= DATASET EXCERPT =
+-------+
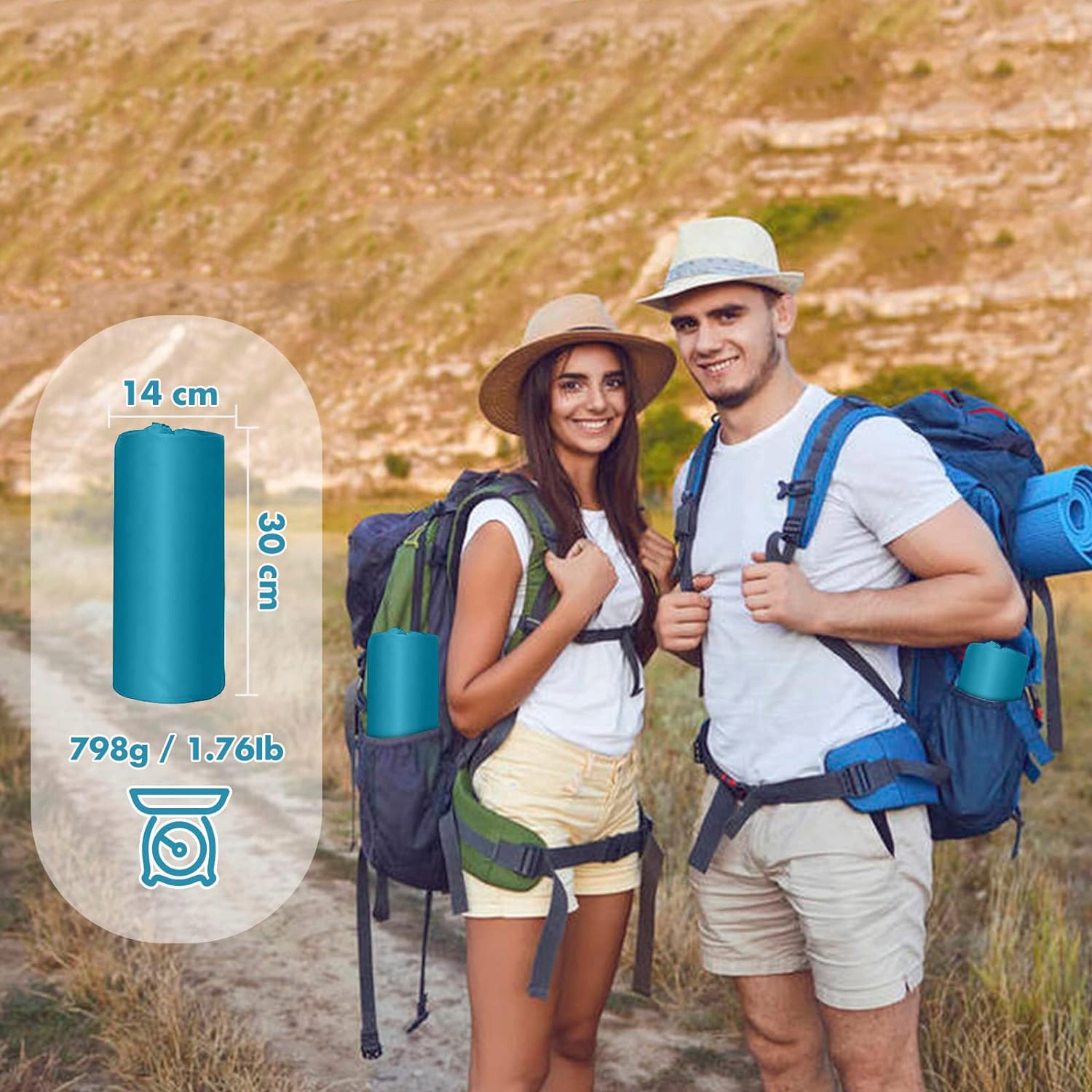 - кемпинг оснащен снимками на стороне, так что вы можете легко объединить две коврики, создавая двуспальную кровать, покрывая весь пол палатки, предотвращая скольжение. Кемпинг, походы, поездки, велосипедные и автомобильные поездки, рюкзаки, походы и пляж.
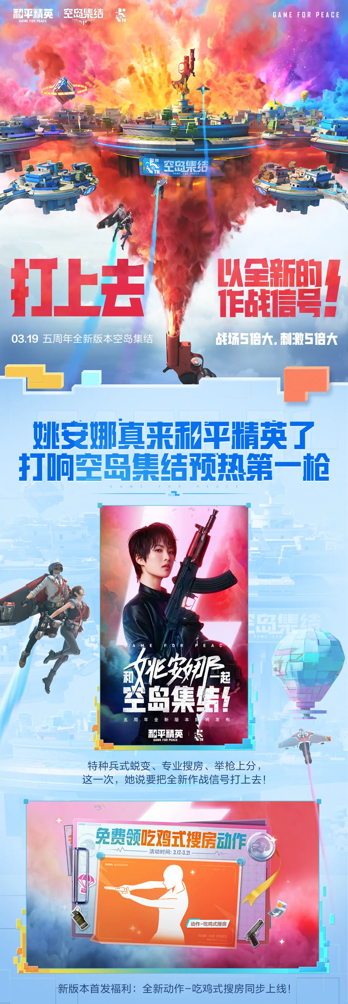 五周年来空岛集结,和平精英全新版本将于3.19日正式上线!
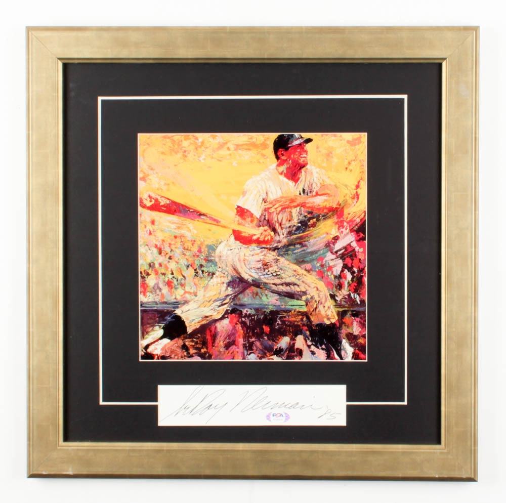 Custom frame measures approximately 18.5" x 18.5" in size and features a cut that has been hand-signed by LeRoy Neiman (D. 2012). Display also features a print of Neiman's "Mickey Mantle".
+-------+
= BRIEF =
All of the data should come back exactly as written, but without pictures.

= THE COMPLETED TASK =
 - кемпинг оснащен снимками на стороне, так что вы можете легко объединить две коврики, создавая двуспальную кровать, покрывая весь пол палатки, предотвращая скольжение. Кемпинг, походы, поездки, велосипедные и автомобильные поездки, рюкзаки, походы и пляж.
 五周年来空岛集结,和平精英全新版本将于3.19日正式上线!
 Custom frame measures approximately 18.5" x 18.5" in size and features a cut that has been hand-signed by LeRoy Neiman (D. 2012). Display also features a print of Neiman's "Mickey Mantle".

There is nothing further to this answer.